## Provided data
______________________________
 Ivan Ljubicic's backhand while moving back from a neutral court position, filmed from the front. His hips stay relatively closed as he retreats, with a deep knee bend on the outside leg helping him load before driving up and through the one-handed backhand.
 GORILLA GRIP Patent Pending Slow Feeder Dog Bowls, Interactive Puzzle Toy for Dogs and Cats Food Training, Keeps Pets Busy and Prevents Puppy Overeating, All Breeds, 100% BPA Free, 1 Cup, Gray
______________________________
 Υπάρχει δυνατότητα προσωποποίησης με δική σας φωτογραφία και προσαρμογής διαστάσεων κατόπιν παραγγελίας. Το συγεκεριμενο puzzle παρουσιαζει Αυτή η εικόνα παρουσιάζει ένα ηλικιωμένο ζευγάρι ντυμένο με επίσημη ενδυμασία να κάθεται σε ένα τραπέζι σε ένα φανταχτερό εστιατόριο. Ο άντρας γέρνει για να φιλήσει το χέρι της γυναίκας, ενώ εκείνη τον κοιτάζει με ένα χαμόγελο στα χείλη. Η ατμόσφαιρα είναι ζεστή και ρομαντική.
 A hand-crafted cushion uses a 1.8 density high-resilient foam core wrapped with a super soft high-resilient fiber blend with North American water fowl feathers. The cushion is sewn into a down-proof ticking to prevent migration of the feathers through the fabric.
______________________________
## Exercise description
Using the records above, set down exactly the lines from the one with "Ivan Ljubicic's backhand" through the one with "GORILLA GRIP Patent", inclusive, and nothing more.

## Exercise solution
 Ivan Ljubicic's backhand while moving back from a neutral court position, filmed from the front. His hips stay relatively closed as he retreats, with a deep knee bend on the outside leg helping him load before driving up and through the one-handed backhand.
 GORILLA GRIP Patent Pending Slow Feeder Dog Bowls, Interactive Puzzle Toy for Dogs and Cats Food Training, Keeps Pets Busy and Prevents Puppy Overeating, All Breeds, 100% BPA Free, 1 Cup, Gray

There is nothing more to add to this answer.